I make approximately $50,000 a year and have a mortgage of $310,000 and the home is worth $340,000. It is also an interest only mortgage which is set to reset in one year. Should I consider a loan modification?
These questions are just two examples of the type of questions on loan modifications I hear on a daily basis. My answer to the first question is a resounding NO and the answer to the second one is a maybe (you cannot have a “resounding” maybe). Here’s why:
The first person has to figure out that they are not keeping that house. Its $200,000 underwater and no loan modification is going to help them. Again, I should say that there are tons of variables here (savings, cc debt, family size, jobs, etc.) but overall what I believe would make the most sense is to walk away from the house altogether. What I am finding is that many people have such an emotional attachment to these “things” that they refuse to move under any circumstances. And these arent people that were in that house for 20 some years. They are people that purchased in the last few years and now, almost subconsciously, refuse to admit a mistake was made. Even if these people did modify, a $600,000 mortgage, with property taxes and upkeep, would swallow most of that person’s take him income. Given that the house is $200,000 underwater as it is, it simply DOES NOT make sense to modify. If you walk away from the home, you can be sure that the difference owed after it sells can be wiped out by filing a Bankruptcy.
The second scenario is a bit trickier because the mortgage amount is lower and the house isn’t as deep underwater. The homeowner can potentially convince the lender to lower the principle amount and also modify the terms of the loan. And even if the principal remains the same, it is much easier for a home to appreciate by 10% in a few years, then 33%. Again, a ton of variables have to come into play here when making the decision, but the one variable that shouldn’t come into play is emotion. This house is a “thing”. It’s not a person. It’s a home that you expected to go up in value, but which is now depreciating and is taking you with it. Financially speaking, it doesnt make sense to keep throwing money that you don’t have at a depreciating asset.
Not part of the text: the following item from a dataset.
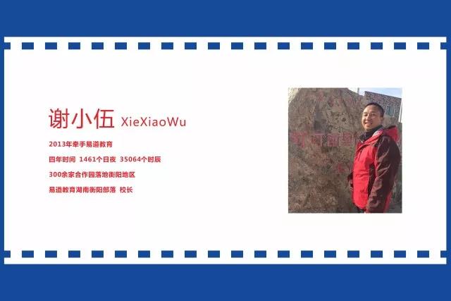 他今生逆旅天涯、四海為家,卻立誓為教育傾盡天下。四年,1461個日夜,35064個時辰。300余家合作園落地衡陽。為民辦幼兒園,他依舊行走在路上。他就是,易道教育湖南衡陽部落校長謝小伍。
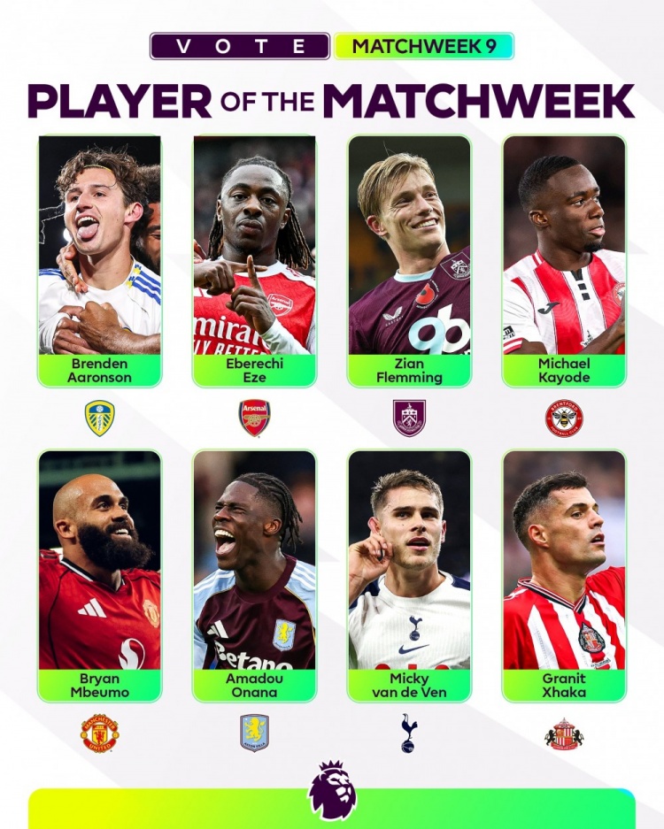 10月28日讯 英超联赛第9轮已经完赛,英超官方也列出了本轮英超最佳球员候选8人名单:

If you purchased a new car for an interest only loan at $30,000 and the car was consistently dropping in value and you knew you couldn’t afford the car anymore, would you continue to struggle and go deeper into debt to pay for the car for years, or would you realize you overpaid for the car and give it up? Most people would realize that they made an error in valuation and move on. For some reason homes dont have the same effect on people. Like I said previously, take emotion out of the equation and do whats financially sensible for you and your family.